→ What to do
What you return should be only the lines starting at the one that contains "电网 -> PCS(AC/DC) -> 内部直流母线。" and running to the end of the listing, exactly as written, minus any pictures.

→ Data excerpt

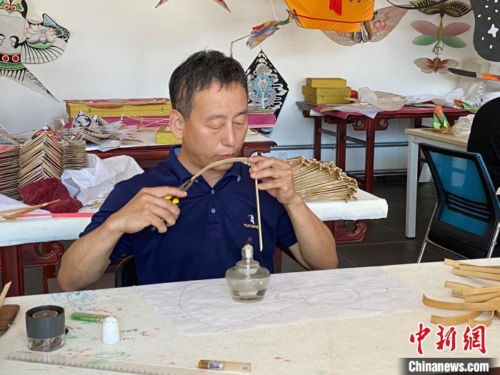出生在風箏世家的趙艷芳說,為了教大家制作風箏,自己先學習風箏制作的四門基礎功課——扎、糊、繪、放,其中扎風箏骨架是最難的,主要難在竹條的烤制,因為一不小心就會烤糊。
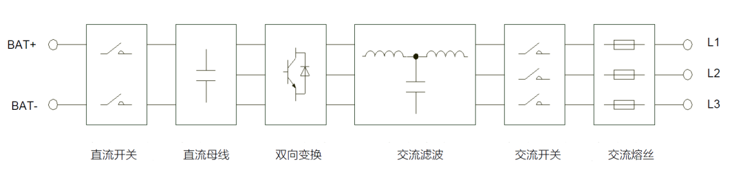 电网 -> PCS(AC/DC) -> 内部直流母线。
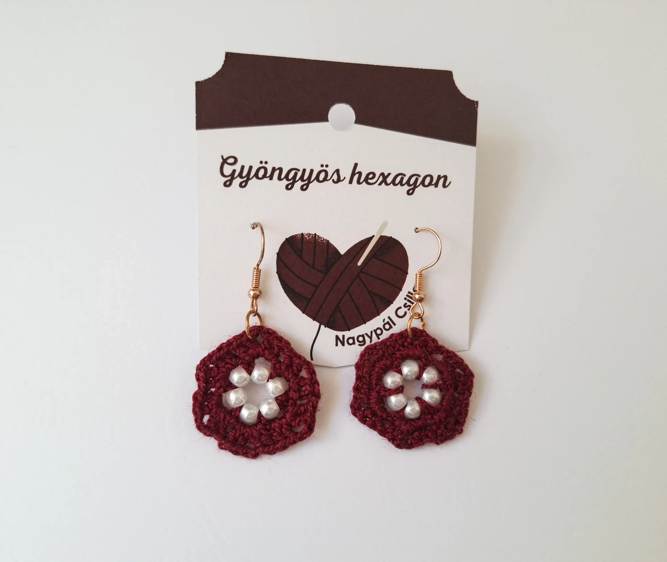 Horgolt fülbevaló – Gyöngyös hexagon

→ Final answer
 电网 -> PCS(AC/DC) -> 内部直流母线。
 Horgolt fülbevaló – Gyöngyös hexagon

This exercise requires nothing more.